* [PROBLEM] Leaving out the pictures, retype the lines from the top of the listing through the line with "Партизаны Ладожского партизанского" exactly.

* [GIVEN INFORMATION]
::::::::
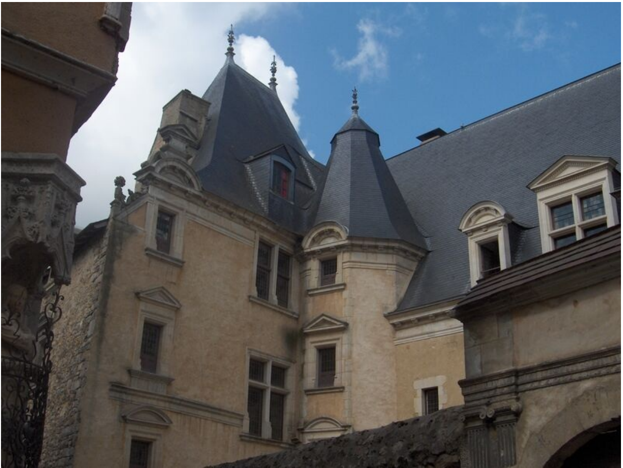
L'hôtel de Vaux.

Le Mans a été le foyer très actif de la Renaissance , grâce à de grands mécènes, ses cardinaux-évêques, Philippe de Luxembourg et Jean du Bellay.
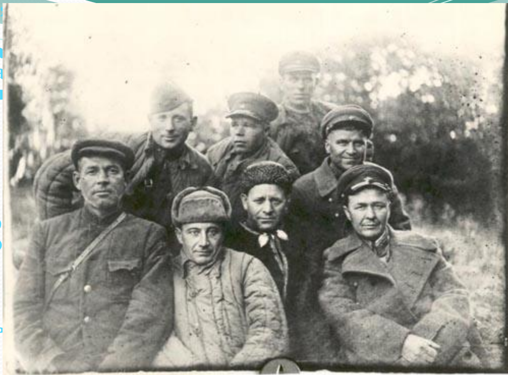
Партизаны Ладожского партизанского отряда с командирами 23-го полка погранвойск НКВД. Лагонаки, октябрь 1942 г.

Наибольшую известность среди этой категории операций, проведенных партизанами в сентябре 1942 года, получил налет партизан отряда им. Гастелло Апшеронского района на гарнизон в поселке Конобоз. Налет был совершен на рассвете 27 сентября, в воскресенье, после тщательной разведки, силами 64 партизан, в том числе группы из 18 автоматчиков. На месте боя осталось 50 (по другим данным 90) убитых гитлеровцев, много раненных. Партизаны захватили станковый пулемет, сожгли весь лесоматериал и скрылись.
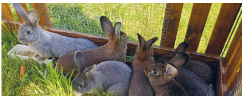
In der Schweiz 44 Kaninchenrassen, welche in über 100 Farbschlägen gezüchtet werden, anerkannt.
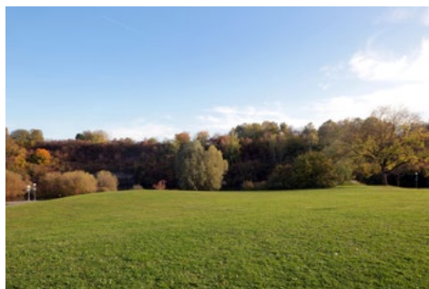
↑↑ Modell »I'm after me« ↑ Stadtpark Leonberg
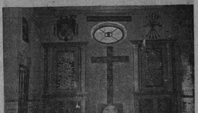
Muro de los Caídos, en el salón del cuartel de Falange.

Bajo la expresada razón social gira actualmente otra fábrica de curtidos, por procedimientos antiguos, pero de gran rendimiento, que ha conseguido imponerse en el mercado por la inmejorable
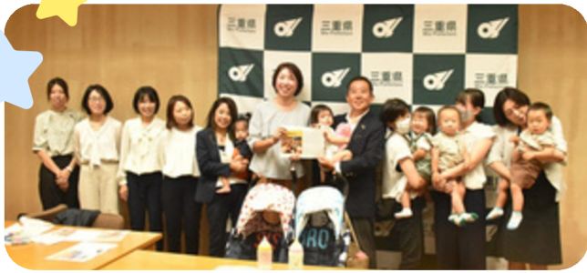
県へ多胎アンケート結果と支援要望書を提出（2023年）
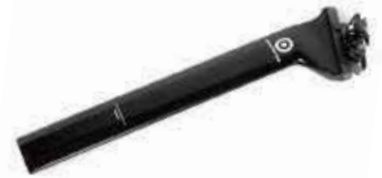
78° NAZARÉ1-2 SL TRI SEAT POST ¥19,800 (税別)

SEAT ANGLE : Adjustable seat tube angle up to 78 degrees SEAT CLAMP : Ritchey saddle clamp on monorail design WEIGHT : 0.24kg LENGTH : 350mm
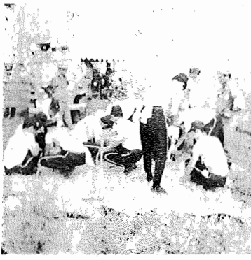
酷暑の中で水防工法に励む団員達

去る七月二十二日、柏市布施弁天地先、利根川堤防において、柏市と我孫子町の共催による水防演習が行なわれました。 当日は、三十度を越す暑さにもかかわらず、両市町長はじめ、水防団員三百八十五名は、実働ながらのようでありました。 この演習は、これから来夏が予想される台風に備えて、利根川堤防の決壊を想定し、土俵積み、五徳掘り、月の輪等、あらゆる水防工法により防備するともに、団体活動の船和と秩序を図り、水防に対する認識と技術の向上を図り、以って災害時に際して、その
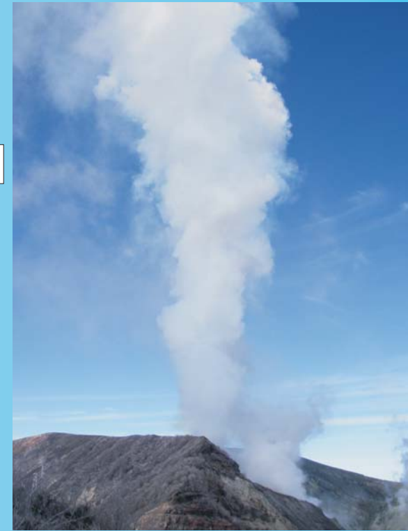
Penacho de gases del volcán Turrialba, visto desde el mirador en la cima. 10 de marzo del 2011.
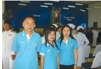
สำนักงานประปาจุน
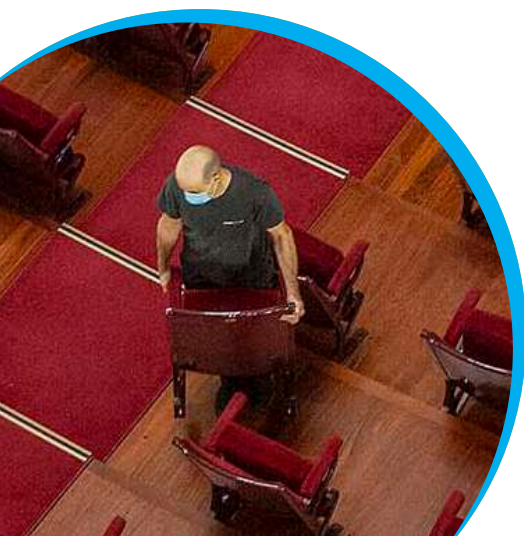
Operario retirando butacas.

Por último, mencionar la renovación del Convenio de PAUSO BERRIAK con GUREAK FUNDAZIOA y ATZEGI, programa dirigido a facilitar el trabajo de las personas con discapacidad intelectual en empresas e instituciones del entorno ordinario.
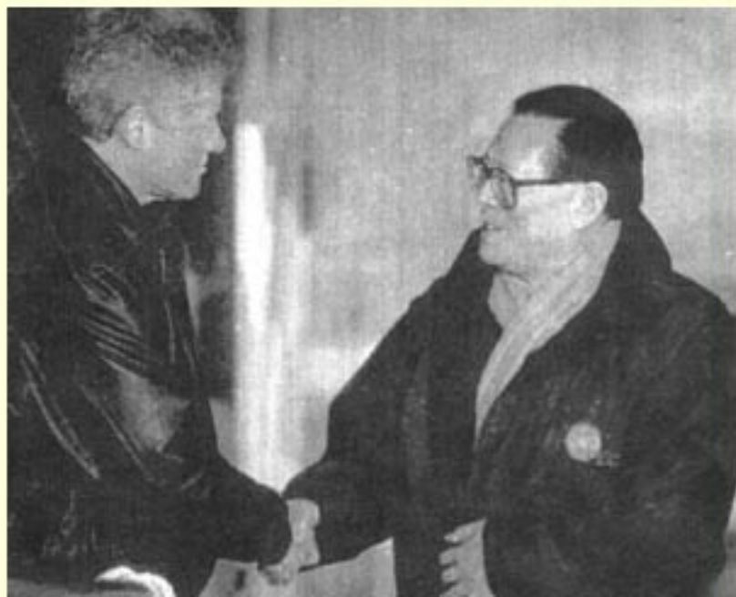
(图10) 1994年，江泽民与克林顿在西雅图会晤。
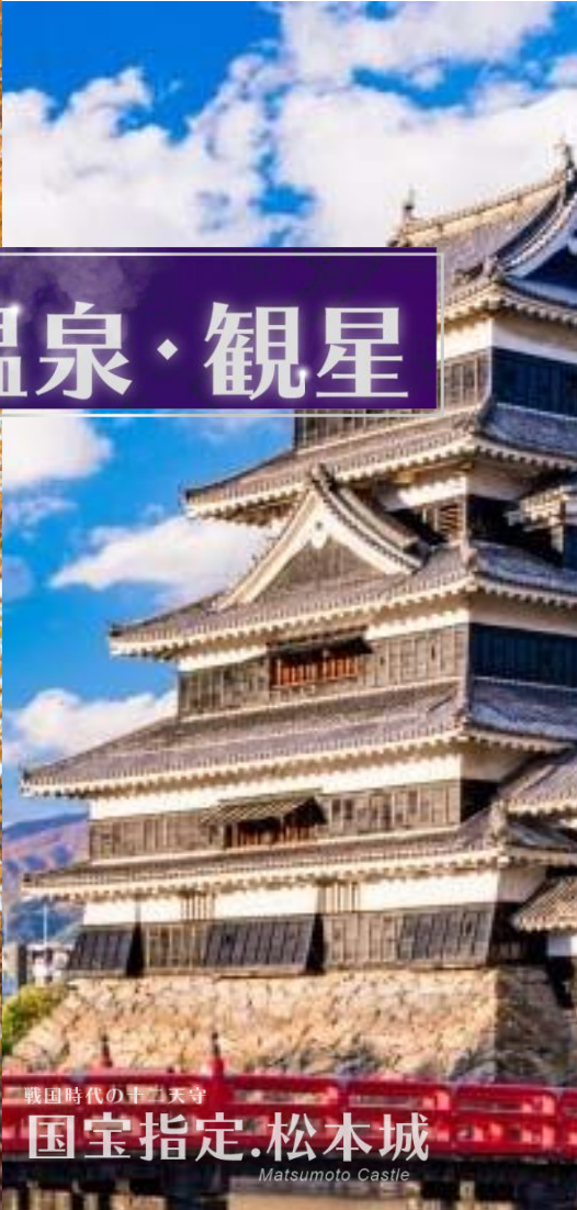
戦国時代の十二天守 国宝指定・松本城 Matsumoto Castle
::::::::
* [RESPONSE]
L'hôtel de Vaux.

Le Mans a été le foyer très actif de la Renaissance , grâce à de grands mécènes, ses cardinaux-évêques, Philippe de Luxembourg et Jean du Bellay.
Партизаны Ладожского партизанского отряда с командирами 23-го полка погранвойск НКВД. Лагонаки, октябрь 1942 г.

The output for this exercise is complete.